▼

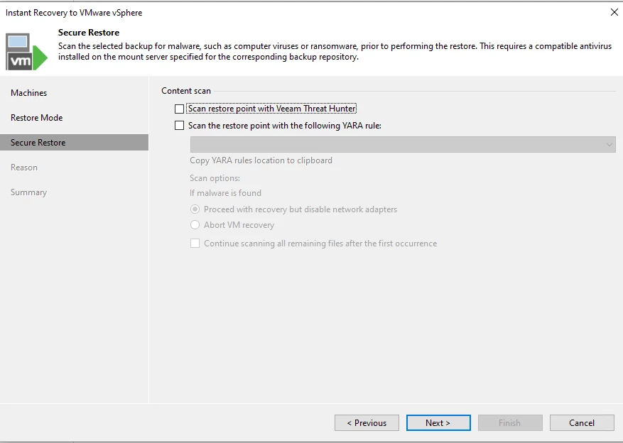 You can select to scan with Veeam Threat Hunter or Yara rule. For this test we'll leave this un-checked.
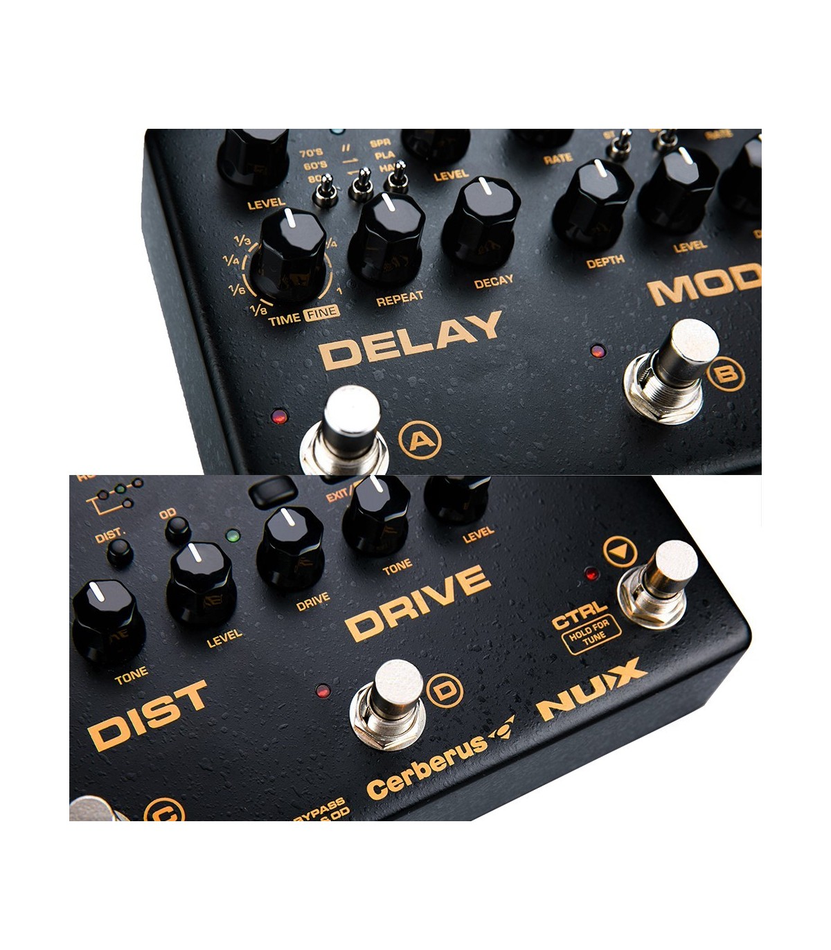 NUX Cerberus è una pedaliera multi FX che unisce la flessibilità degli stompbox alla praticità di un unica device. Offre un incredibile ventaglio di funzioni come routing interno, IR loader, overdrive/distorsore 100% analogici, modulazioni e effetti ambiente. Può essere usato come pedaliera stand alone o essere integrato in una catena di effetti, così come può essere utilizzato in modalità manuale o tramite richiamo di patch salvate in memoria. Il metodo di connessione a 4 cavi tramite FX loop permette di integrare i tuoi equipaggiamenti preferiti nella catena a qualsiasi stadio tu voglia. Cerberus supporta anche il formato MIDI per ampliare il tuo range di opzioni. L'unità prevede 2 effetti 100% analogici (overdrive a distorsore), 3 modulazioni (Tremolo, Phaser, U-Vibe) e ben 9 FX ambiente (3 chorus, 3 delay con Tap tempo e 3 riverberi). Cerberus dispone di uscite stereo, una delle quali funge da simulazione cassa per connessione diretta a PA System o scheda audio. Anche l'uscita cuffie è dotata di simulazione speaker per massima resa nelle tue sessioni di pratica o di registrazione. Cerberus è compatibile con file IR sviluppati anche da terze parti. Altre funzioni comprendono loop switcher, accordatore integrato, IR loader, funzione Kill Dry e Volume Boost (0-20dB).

▲
▼

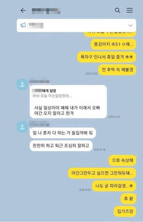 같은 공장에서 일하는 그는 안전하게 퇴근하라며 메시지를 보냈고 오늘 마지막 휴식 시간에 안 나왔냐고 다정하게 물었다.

▲

What is needed: Go to the line above holding "You can select", then copy exactly each line down to and including the one holding "NUX Cerberus è", leaving pictures out.

Exercise answer:
 You can select to scan with Veeam Threat Hunter or Yara rule. For this test we'll leave this un-checked.
 NUX Cerberus è una pedaliera multi FX che unisce la flessibilità degli stompbox alla praticità di un unica device. Offre un incredibile ventaglio di funzioni come routing interno, IR loader, overdrive/distorsore 100% analogici, modulazioni e effetti ambiente. Può essere usato come pedaliera stand alone o essere integrato in una catena di effetti, così come può essere utilizzato in modalità manuale o tramite richiamo di patch salvate in memoria. Il metodo di connessione a 4 cavi tramite FX loop permette di integrare i tuoi equipaggiamenti preferiti nella catena a qualsiasi stadio tu voglia. Cerberus supporta anche il formato MIDI per ampliare il tuo range di opzioni. L'unità prevede 2 effetti 100% analogici (overdrive a distorsore), 3 modulazioni (Tremolo, Phaser, U-Vibe) e ben 9 FX ambiente (3 chorus, 3 delay con Tap tempo e 3 riverberi). Cerberus dispone di uscite stereo, una delle quali funge da simulazione cassa per connessione diretta a PA System o scheda audio. Anche l'uscita cuffie è dotata di simulazione speaker per massima resa nelle tue sessioni di pratica o di registrazione. Cerberus è compatibile con file IR sviluppati anche da terze parti. Altre funzioni comprendono loop switcher, accordatore integrato, IR loader, funzione Kill Dry e Volume Boost (0-20dB).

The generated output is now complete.